The law states that "no registered prospectus shall be distributed.....if it is false or misleading in a material particular by reason of failing to refer, or give proper emphasis, to adverse circumstances (whether or not it became so misleading as a result of a change in circumstances occurring after the date of the prospectus)."
Henry says, "The obligation is an ongoing one for those who issue and distribute the prospectus, and it exists every time they distribute the prospectus to an investor."
So how serious is a breach?
Henry says the investment advisers are depending on the information to be accurate at the time of delivery to them. "This is the absolute cornerstone of the Securities law.

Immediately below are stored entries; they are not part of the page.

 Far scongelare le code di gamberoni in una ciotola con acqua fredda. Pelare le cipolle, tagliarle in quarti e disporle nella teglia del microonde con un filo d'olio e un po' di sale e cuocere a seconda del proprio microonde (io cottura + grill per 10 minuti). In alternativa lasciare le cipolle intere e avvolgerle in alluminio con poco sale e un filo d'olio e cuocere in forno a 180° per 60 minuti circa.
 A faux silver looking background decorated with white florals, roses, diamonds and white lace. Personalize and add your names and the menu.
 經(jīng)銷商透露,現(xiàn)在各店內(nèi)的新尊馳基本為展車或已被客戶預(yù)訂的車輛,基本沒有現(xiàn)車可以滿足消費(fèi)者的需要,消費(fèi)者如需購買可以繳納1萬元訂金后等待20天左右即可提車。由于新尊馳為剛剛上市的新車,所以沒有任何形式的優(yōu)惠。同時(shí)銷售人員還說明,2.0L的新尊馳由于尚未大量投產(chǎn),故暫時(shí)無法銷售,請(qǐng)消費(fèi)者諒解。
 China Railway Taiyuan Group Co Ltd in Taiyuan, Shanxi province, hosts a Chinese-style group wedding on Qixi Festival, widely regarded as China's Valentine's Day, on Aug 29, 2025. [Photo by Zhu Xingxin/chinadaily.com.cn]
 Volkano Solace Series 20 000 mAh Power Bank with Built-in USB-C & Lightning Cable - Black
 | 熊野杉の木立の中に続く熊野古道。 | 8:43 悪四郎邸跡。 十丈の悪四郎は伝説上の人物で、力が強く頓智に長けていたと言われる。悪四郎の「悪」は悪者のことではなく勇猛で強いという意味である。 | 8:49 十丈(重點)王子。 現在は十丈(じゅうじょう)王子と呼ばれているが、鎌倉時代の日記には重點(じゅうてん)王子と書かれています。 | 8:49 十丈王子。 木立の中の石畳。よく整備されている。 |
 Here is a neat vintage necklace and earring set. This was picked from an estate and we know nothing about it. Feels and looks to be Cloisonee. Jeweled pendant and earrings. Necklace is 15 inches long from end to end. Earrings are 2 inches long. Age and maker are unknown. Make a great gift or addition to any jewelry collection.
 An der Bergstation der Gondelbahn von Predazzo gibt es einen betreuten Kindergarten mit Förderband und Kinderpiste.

The financial adviser should not need to go behind the statutory information which is required by law to not be misleading on the day the prospectus is delivered to them."
Unlike auditors, trustees and rating agencies, apart from newspaper clippings and street corner gossip, financial advisers generally cannot go behind the directors' statutory obligation. Henry says auditors, trustees and rating agencies have access to information that the public, which includes financial advisers may not see.

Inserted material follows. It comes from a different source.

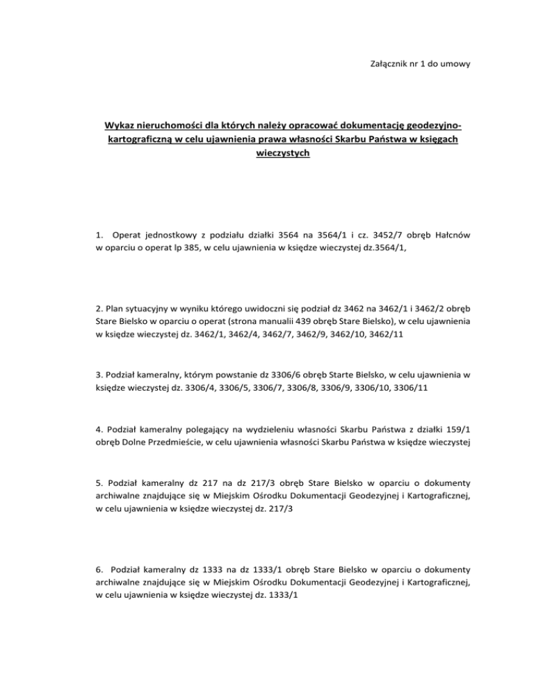 Załącznik nr 1 do umowy Wykaz nieruchomości dla których należy opracować dokumentację geodezyjnokartograficzną w celu ujawnienia prawa własności Skarbu Państwa w księgach wieczystych 1. Operat jednostkowy z podziału działki 3564 na 3564/1 i cz. 3452/7 obręb Hałcnów w oparciu o operat lp 385, w celu ujawnienia w księdze wieczystej dz.3564/1, 2. Plan sytuacyjny w wyniku którego uwidoczni się podział dz 3462 na 3462/1 i 3462/2 obręb Stare Bielsko w oparciu o operat (strona manualii 439 obręb Stare Bielsko), w celu ujawnienia w księdze wieczystej dz. 3462/1, 3462/4, 3462/7, 3462/9, 3462/10, 3462/11 3. Podział kameralny, którym powstanie dz 3306/6 obręb Starte Bielsko, w celu ujawnienia w księdze wieczystej dz. 3306/4, 3306/5, 3306/7, 3306/8, 3306/9, 3306/10, 3306/11 4. Podział kameralny polegający na wydzieleniu własności Skarbu Państwa z działki 159/1 obręb Dolne Przedmieście, w celu ujawnienia własności Skarbu Państwa w księdze wieczystej 5. Podział kameralny dz 217 na dz 217/3 obręb Stare Bielsko w oparciu o dokumenty archiwalne znajdujące się w Miejskim Ośrodku Dokumentacji Geodezyjnej i Kartograficznej, w celu ujawnienia w księdze wieczystej dz. 217/3 6. Podział kameralny dz 1333 na dz 1333/1 obręb Stare Bielsko w oparciu o dokumenty archiwalne znajdujące się w Miejskim Ośrodku Dokumentacji Geodezyjnej i Kartograficznej, w celu ujawnienia w księdze wieczystej dz. 1333/1 7. Podział kameralny w wyniku którego powstanie działka ozn. jako 301/3 obręb Stare Bielsko, w celu ujawnienia jej w księdze wieczystej 8. Operat z nazwania części działki 660/5 obręb Mikuszowice Krakowskie powstałej operatem Ep. 85/87 z dnia 27.05.1987r, w celu ujawnienia w księdze wieczystej dz. 386/9 9. Podział kameralny, którym powstanie działka 269/5 obręb Stare Bielsko, w celu ujawnienia jej w księdze wieczystej 10. Podział kameralny w wyniku którego powstanie działka 3338/1 a następnie dz 3338/2-4 obręb Stare Bielsko, w celu ujawnienia w księdze wieczystej dz. 3338/2 i 3338/3 11. Plan sytuacyjny z podziału dz 2001 na 2001/1 obręb Stare Bielsko w oparciu o operat poregulacyjny (str. 4A z maja 1995r.), w celu ujawnienia w księdze wieczystej dz. 2001/8 i 2001/9 12. Operat z nazwania części działki 787/1 obręb Mikuszowice Śląskie powstałej operatem 626/68 z 1968r. w celu ujawnienia w księdze wieczystej dz 103/129 13. Podział kameralny w wyniku którego powstanie działka 284/2, obręb Stare Bielsko w celu ujawnienia jej w księdze wieczystej 14. Plan sytuacyjny na podstawie operatu Ep 201/84 dla dz 958/1, 958/2, 958/3, 958/4 obręb Mikuszowice Krakowskie w celu ujawnienia ich w księdze wieczystej 15. Plan podziału dz 3456/1 na dz 3456/11-13 obręb Stare Bielsko, w celu ich ujawnienia w księdze wieczystej 16. Opracowanie dokumentacji zmieniającej dz 1044/18 na dz 1044/25 obręb Kamienica, która wchłonie błędnie opisaną dz 2650/1 (na podst. operatu 100a), a następnie wykonanie dokumentacji zmieniającej nr powstałej dz 1044/25 ze względu na podwójną numerację w celu ujawnienia w księdze wieczystej dz 2650/1 17. Opracowanie dokumentacji zmieniającej konfigurację i pow. dz 820/1 obręb Kamienica (na podstawie operatu 100a), a następnie wykonać zmianę pow. i oznaczenia (zgodnie z operatem 690 EP.139/82) w celu ujawnienia w księdze wieczystej dz 820/13.

It all comes back to the integrity of the directors. Henry says auditors depend on the integrity of the directors, so do rating agencies, so do trustees and so do advisers who also rely on the auditor, the trustee and the rating agency.
"So investors and advisers are entitled to accept that the directors are complying with the Securities Act at the time they receive the prospectus."
So who should the investors sue to be reimbursed for their losses in failed securities?
Henry says investors should sue the people that breached the start of the good faith chain, namely the directors of the failed company. "Firstly, the directors are ultimately responsible. Secondly, the directors are likely to hold insurance policies that insure against losses caused by their negligence. The loss of the value of the company's security paper is a loss caused by their negligence and difficult to exclude."
Henry says the allegation of the investor's counsel will have to address the key issue, namely; is an investment adviser who relies on the statutory obligations of the directors to not mislead in the prospectus at the time of delivery of the document in breach of the duty of care owed to a client?
"It would, in my view, be perverse if the Courts held that an investment adviser who relied on the directors to have complied with the securities act continuous disclosure obligation was negligent."
In order to sue a financial adviser for losses arising from the investment in Bridgecorp, Henry says the investor's lawyer would need to prove that the financial adviser was aware that the directors of Bridgecorp was known to be misleading investors before the collapse.
"Hindsight admirals will abound, but in reality, their opinions need to accept both the law and accept the perceived integrity of the directors. Only then can they assert that the adviser in that factual mix was in breach of the care of duty."
Henry questions how any prudent financial advisers could have been aware before the collapse that the Bridgecorp directors were misleading investors. He says before the collapse of Bridgcorp, there would have been very few, if any, investment advisers that would have believed that Bruce Davidson, the chairman of Bridgecorp; an ex president of the ADLS, a senior partner in Minter Ellison, a distinguished solicitor of over 30 years experience, a man whose integrity was hitherto unblemished was as chairman of directors of Bridgecorp breaching the Securities Act by misleading the market when distributing the prospectus.
"To assert the prudent investment adviser, as part of the duty of care, would understand Bruce Davidson was not on top of what Bridgecorp was doing, without the benefit of hindsight, is preposterous," says Henry.
"The truth we now understand may be different. That is for the courts to decide, but no expert can dispute that right to the final moment Bridgecorp, which was under the stewardship of the Chairman and other directors, was not only continuing to distribute the latest prospectus but was asserting at every opportunity that it was financially sound."